Medical archives, which exist from historical physicians who treated some of the royal family members, report the same symptoms over and over with royals including James V of Scotland, Mary Queen of Scots, Mary’s son James I and VI, Princess Charlotte Augusta of Wales, King George III, and King George IV’s cousin Caroline of Brunswick.
Haemophilia and Porphyria - Royal diseases from Tainted Blood - Documentary
So how could this information prove that Queen Victoria was most likely legitimate? Because she not only passed the haemophilia recessive gene down, she also passed the porphyria disease through her blood to some of her descendants, with herself being very likely to have inherited it from her grandfather, King George III; if she in fact was legitimate.
It is because of her eldest daughter, Princess Charlotte of Prussia, and thanks to Professor John Rohl; who made it his life’s work to prove this fact, it has been confirmed, porphyria was a royal disease.
Princess Charlotte of Prussia (Viktoria Elisabeth Auguste Charlotte), Duchess of Saxe-Meiningen (1860-1919)

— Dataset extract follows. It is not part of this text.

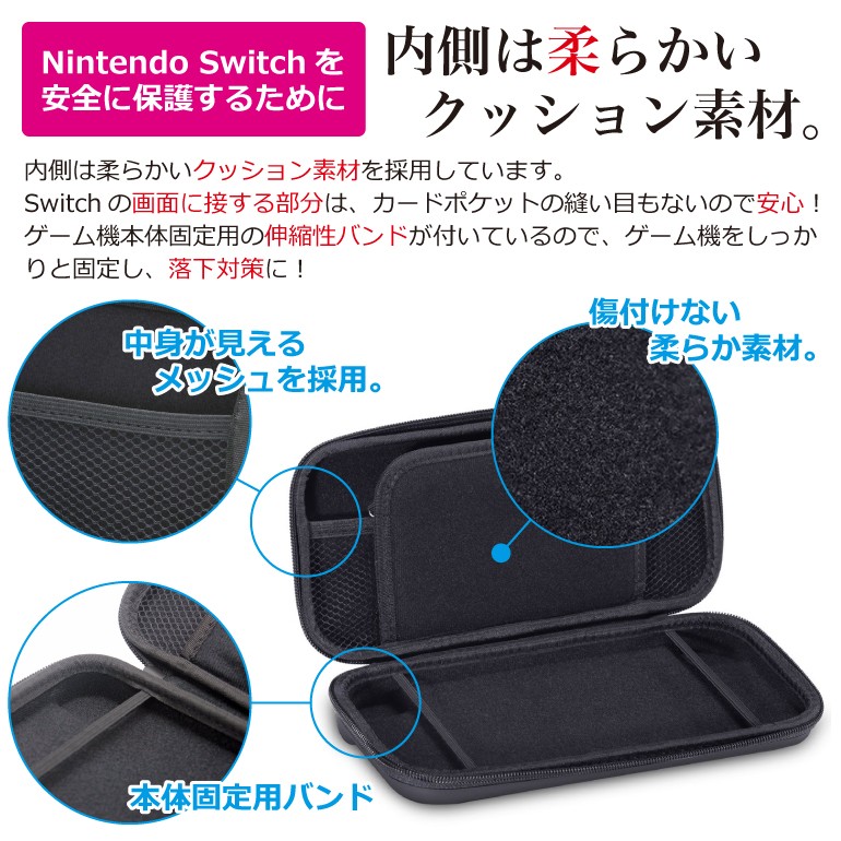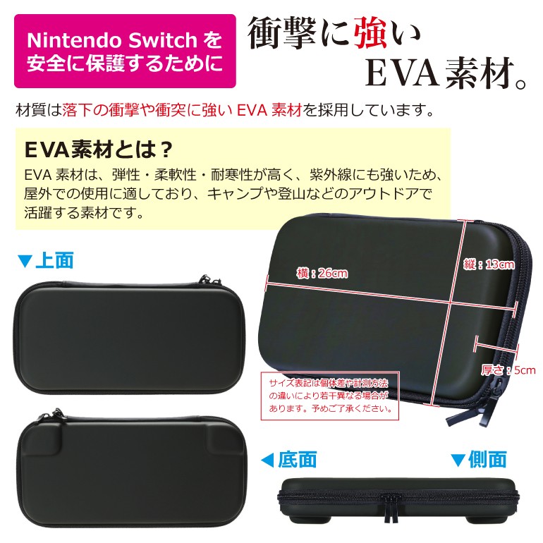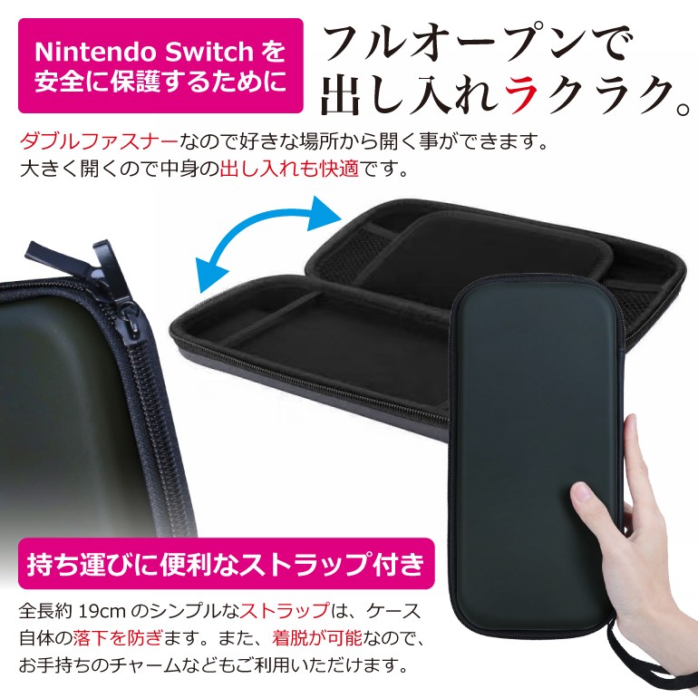大切なNintendo Switchの収納ケース 耐久性に優れた高品質なEVA素材を採用し、汚れ、水、衝撃や擦り傷を防止でき、大切なNintendo Switch保護をいたします。 持ち運びに便利、自宅・通勤・出張・旅行時の保管・収納に実用的なバッグです。Nintendo Switch 専用ケース 収納ケース 衝撃に強いEVA素材を使用しております。ゲームカード8枚収納可能ストラップ付き・重量約187g  MadeinChina撮影・ディスプレイ等の関係で、実物と多少色など異なる場合もございます。低価格で品物を提供出来る様に簡易包装となっております。画像の端末本体は同梱されません。メール便(クリックポスト)での発送となります。代金引換不可

Princess Charlotte had Porphyria
Princess Charlotte’s remains were excavated in 1997 and scientifically tested for the porphyria gene by scraping some of her bone marrow from her femur to test. The disease was detected in her bones and it has been confirmed, Princess Charlotte did indeed suffer from the porphyria disease. Therefore, as Professor Rohl’s put it in his own words following the testing, “She had the disease, beyond a shadow of a doubt, and the chances of her having it independently from George III are almost impossible.”
Professor John Charles Gerald Röhl
With all these facts, fictitious theories and possible scenarios which exist within our history as we know it; what questions can we truly answer with them? We know for certain that Queen Victoria did pass on the haemophilia recessive gene to her descendants. We also know for certain, porphyria was another genetic royal family disease. We know Prince Albert was possibly a bastard child; due to the hereditary syphilis disease on his side of the family which he did not inherit, but can we be certain that Baron Von Mayern was his biological father, or could it have been another man the Princess Louise of Saxe-Gotha-Altenburg had an affair with? Or, is it still possible that Prince Albert was legitimate and his mother was just lucky to have not picked up the syphilis disease from her husband Ernest? The most important question of all, can we rule out that Queen Victoria wasn’t illegitimate and that the gene was, in fact, an accidental mutation, instead of an inherited gene from an unknown haemophiliac father?
Queen Victoria and Prince Albert
Victoria's secrets remain with her long past her death.
The truth is, how can these questions be answered when the royal family is so inbred among themselves due to their desperation to keep their aristocratic blood pure and away from the so called commoner, that half of them could be illegitimate at every corner and no one would ever discover it. Even if bones of the deceased are excavated and tested, majority of them are interrelated, so the secrets they hold, may never truly be told.